Each main character in this story makes a choice based on what they think will happen, and in so doing, creates a world for themselves where what they thought then impacted what they could do later. This story, though tragic, illustrates the point that our thoughts create our universe and its own set of rules, which we then must adhere to. Laius assumed that if he had no contact with his child, then of course, it would not kill him. Oedipus assumed that if he isolated himself from the people he thought were his parents, he wouldn’t be able to fulfill this “prophecy”. Both made big decisions based on what they obsessed about and tried very hard to avoid, and ultimately, their thoughts became their reality.

How Can What I Think Make Life Better?

Since we’re all living creatures, it is impossible for anyone to be perfect. We do, however, have more influence over our world than we think. Here’s a simple game you can play:

  • See if you can go an entire day… yes, that’s right, a full 24 hours… using exclusively “positive” language. That means putting things in the context of what you have, what can be changed, and using statements that are flexible, allowing for alterations. It’s a challenge, and when you commit to it, it turns out to be a fun one. This can be done by anybody, even busy parents, stressed professionals, chronic grumpy-pants, and more. By using this technique, you’ll be able to quickly spot the scenarios and/or people in your life that are making it difficult to stay “positive”, and possibly begin figuring out how to make smarter choices with how you react to those saboteurs. (If you notice, this paragraph is an example of using a “positive” vocabulary– it’s upbeat and still based in reality.)

Yes, it can be frustrating at first, and you might notice that you’re spending a lot of those 24 hours being quiet, trying to figure out how to put a “negative” sentence into a “positive” context… which can be a good thing. By spending a little more time considering the reactions you want after you say what you say, you’re making it much more likely that people will listen to you and respond the way you’re hoping they would. Consider, too, that time spent being silent can become time spent listening to others, and hearing what they’re really saying. Perhaps other people aren’t as cranky as you thought, and there was simply a crossed wire somewhere.

You may notice that by using a more “positive” vocabulary, you’re not feeling the same daily frustrations. You might even notice that you feel a little vulnerable, because it can be scary asking for what you want– there’s always that chance someone will say “no”, and if you’re already thinking “negatively”, you’re at least prepared for it. Playing a game like this can expose a lot in life: people that are routinely negative, situations that keep forcing you to stay in a negative state of mind. With that brought to light, the next step becomes taking action.
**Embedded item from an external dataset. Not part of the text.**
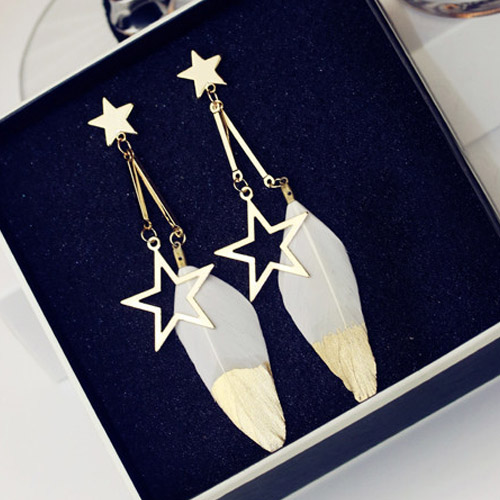 This pair of pendant earrings is crafted from the shape of pentagram and feather,

How can you break the cycle?

You Have More Influence Than You Think

Now that you’ve identified the areas that are bombarding you with negativity, what do you do about the big ones? How can you possibly stay in a positive frame of mind with news stories about catastrophes, murders, economic woes, and natural disasters? One option– take a break! Cut yourself off from newspapers, TV, and internet sources of information for one day. Maybe a couple days. Hey, maybe a whole week! Yes, it’s important to stay up-to-date on current affairs, but if everything you’re hearing, reading, seeing is negative, it’s more of a challenge to overcome. So give yourself some quiet time. When you start to pay attention to the news again, be sure to spend just as much time learning about the positive as you spend on the negative. (That’s why newspapers have comic strips and jumbles.) The only person that controls how much negativity is around you is… you!